3.2. Growth of R. tibetensis FXJ9.536 at 28 °C and 10 °C

As the QTP has the characteristics of perennial low temperature and transient normal temperature, the growth of R. tibetensis FXJ9.536 at low temperature (10 °C) and normal temperature (28 °C) was examined. As shown in Figure 3A, although the growth rate at 10 °C is lower than that at 28 °C, the OD600 value of the 10 °C culture also exceeded 1.2 after the exponential growth phase (36 h). This result indicates that strain FXJ9.536 can adapt to low temperatures, which may support its survival in the QTP environment. Likewise, Rhodococcus sp. JG3, a strain isolated from Antarctic Dry Valley permafrost, also displays growth even at a subzero temperature [9].

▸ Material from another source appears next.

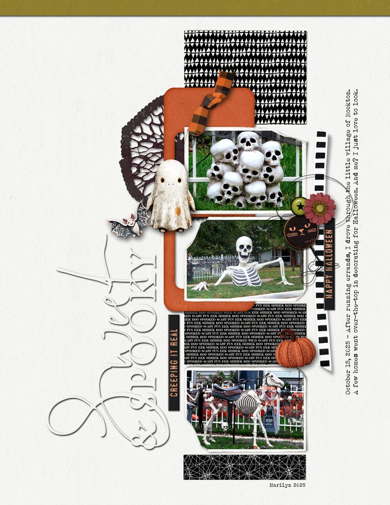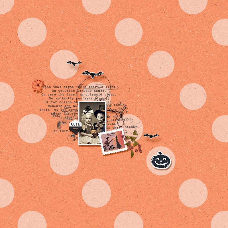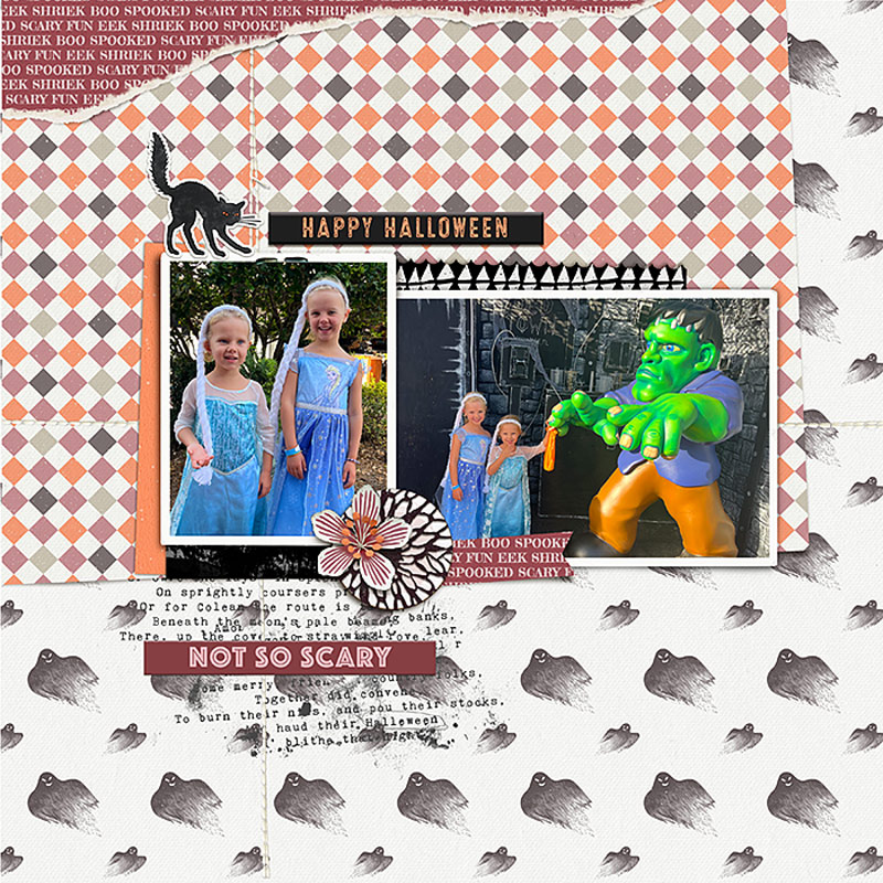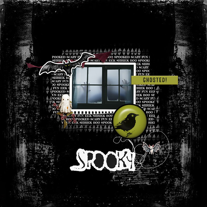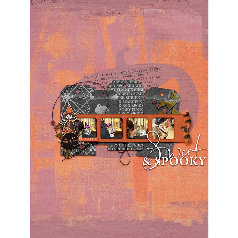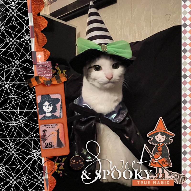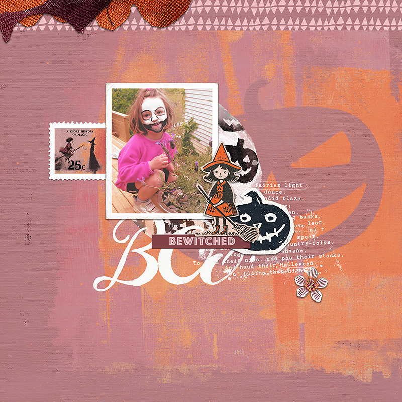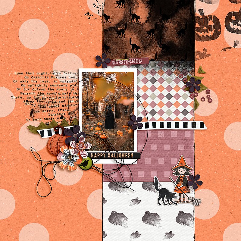 a collection of elements including titles, paint, flowers, phrase elements, postage stamps, ribbon, text fragment, thread, witch, ghost, monster, cat and bat stickers, fabric pieces, wordart.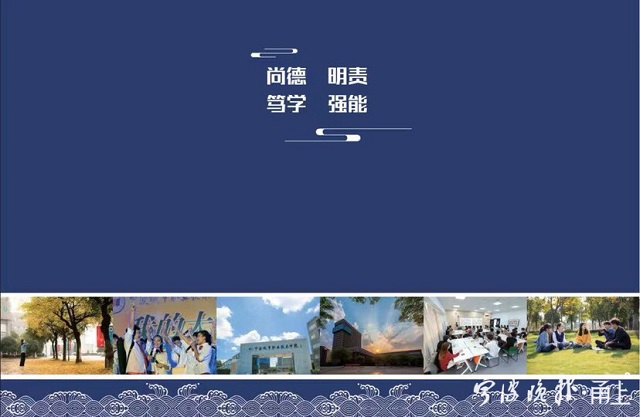 正面“录取通知书”几个字采用烫金设计,显得更为厚重和大气;背景是学校的标志性建筑—实训大楼,采用水墨风格,更显高校的文化气息。正面的下联是校训“尚德、明责、笃学、强能”,蓝底白字色调更为显眼。

3.3. 4-NP Degradation Activity of R. tibetensis FXJ9.536 and Bioinformatics Analysis of the Putative Key Catabolic Genes

It is reported that the natural environment of the QTP contains organic pollutants and Rhodococcus can degrade such pollutants [16,38]. To assess the potential of R. tibetensis FXJ9.536 for pollutant degradation, we investigated its 4-NP degradation activity at both 28 °C and 10 °C, two temperatures at which the strain grew well (Figure 3A). The result showed that R. tibetensis FXJ9.536 exhibited strong degradation activity at 28 °C, with a degradation ratio of 53.62%, and weak degradation activity at 10 °C, with a degradation ratio of 6.24% (Figure 3B and Figure S2). According to the HPLC and MS analyses of degradation residuals (Figure S2A–F), degradation intermediates 4-nitrocatechol and 1,2,4-benzenetriol were found. Consequently, we propose that the 4-NP degradation pathway in strain FXJ9.536 is via hydroxyquinol (1,2,4-bentenetriol) (Figure S2G), one of the two general pathways to convert 4-NP to maleylacetate [39]. Further genome scan revealed that two genes in R. tibetensis FXJ9.536, peg.5460 and peg.3921, might be responsible for 4-NP degradation. Both the two genes encode putative 4-hydroxyphenylacetate 3-monoxygenases (EC 1.14.14.9), which shared 64.33% and 64.13% AA sequence similarities, respectively, with 4-NP hydroxylase component A, a reported enzyme in the 4-NP degradation pathway of Rhodococcus sp. PN1 (Table S3) [47]. The low degradation ratio of strain FXJ9.536 at 10 °C was probably due to the limited total amount of enzymes produced by the strain and/or the low enzyme activity at low temperature.
Many Rhodococcus strains have been reported to degrade 4-NP at normal temperature (28–30 °C). Thus, we analyzed the distribution of the 4-hydroxyphenylacetate 3-monoxygenase gene, which may relate to 4-NP degradation, in Rhodococcus genomes used in this study (Table S1). The result showed that 54.10% (33/60) of the genomes may harbor this gene, including the genomes from Rhodococcus erythropolis and Rhodococcus qingshengii strains that were derived from cold habitats. Furthermore, ML and NJ phylogenetic trees based on AA sequences of the monooxygenase genes were constructed. Both trees placed Peg.5460 and Peg.3921 together with some other sequences in two stable branches loosely related to the recognized 4-NP hydroxylase component A for 4-NP biodegradation (Figure 4 and Figure S3). A number of Rhodococcus strains also contain multiple putative 4-hydroxyphenylacetate 3-monoxygenases located in different phylogenetic branches, as exemplified by R. erythropolis AQ5-07 from Antarctic soil. The data above illustrate that degradation of 4-NP may be also common in Rhodococcus strains inhabiting cold environments.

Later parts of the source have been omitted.